Technical weakness also sent precious metals lower across the board. Silver fell around 2 percent to a six-month low.

Fading currency risks about a chaotic break-up of the euro zone and recent data showing continued economic recovery around the world have lessened the need for bullion among investors, analysts said.

"You are seeing gold become an asset that investors no longer need to jump in on because the fact that these currencies are not going any time soon. So, the currency hedge is reduced markedly," said Adam Sarhan, chief executive of Sarhan Capital.

Spot gold fell 0.6 percent to $1,600.66 an ounce by 12:14 p.m. EST (1714 GMT), having earlier hit a low of $1,600.34, near a six-month low of $1,598.04 hit on Friday.

U.S. gold futures for April delivery dropped $8.90 to $1,600.60, with trading volume about 10 percent above its 250-day average, preliminary Reuters data showed.

Volume was higher than usual as it included Monday's electronic trading as U.S. markets were shut for the President's Day holiday.

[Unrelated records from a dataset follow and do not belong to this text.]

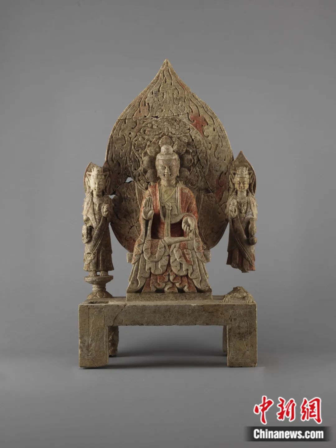 鄴城遺址東郭區(qū)出土的北魏坐佛三尊像。鄴城考古隊供圖
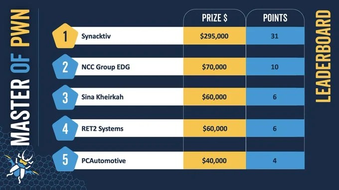 Synacktiv Team (@Synacktiv) took home $100,000 after successfully chaining three zero-day bugs to get root permissions on a Tesla Modem.
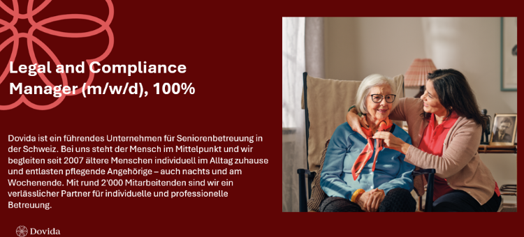 - Steuerung und Weiterentwicklung der unternehmensweiten Compliance- und Governance-Struktur inkl. Bewilligungswesen (Personalverleih & Spitex), interner Richtlinien und Standards Sicherstellung der regulatorischen Compliance über alle Unternehmensbereiche hinweg sowie Beobachtung relevanter Rechts- und Branchenentwicklungen
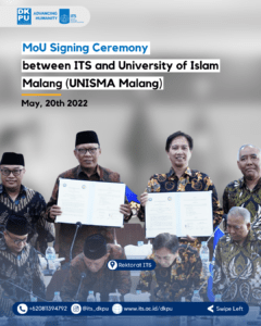 Friday, May 20th 2022 — The signing of a Memorandum of Understanding (MoU) between ITS and the University of Islam Malang (UNISMA Malang) to collaborate. The cooperation plan is as follows: 1. The fields of education and teaching, research, and community service as well as publications and journals; 2. Independent Learning Activities-Independent Campus (MB-KM); 3. Lecturer training and human resource development; 4. Organizing regional, national and international seminars; 5. Other areas agreed by the parties.

Last week's 3.5 percent drop - the largest weekly fall since May 2012 - made gold vulnerable to further losses in the short term, traders said.

U.S. regulatory selling showing bullion selling by Notable institutional investors, including George Soros, Julian Robertson and Allianz's PIMCO in the fourth quarter of 2012 also weighed down on sentiment.

Investors will scour the minutes from the latest policy meeting of the U.S. Federal Reserve due on Wednesday for hints on the central bank's attitude to monetary stimulus, which has been a key driver behind gold's rally over the past two years.

Silver, which tends to be more volatile than gold, fell 2 percent to $29.25 an ounce.


Platinum prices fell after platinum producer Anglo American Platinum (AMSJ.J) said operations at its South African mines should resume on Wednesday.

Spot platinum fell 0.3 percent to $1,686.24 an ounce, while palladium edged up 0.1 percent to $762 an ounce.

Year to date, platinum is outperforming gold after Amplats said it planned to restructure its South African mines and to cut 14,000 jobs.

Broker UBS cut its one-month platinum forecast to $1,650 from $1,720, anticipating potential downside risks to sentiment surrounding the broad U.S. automatic spending cuts due in March.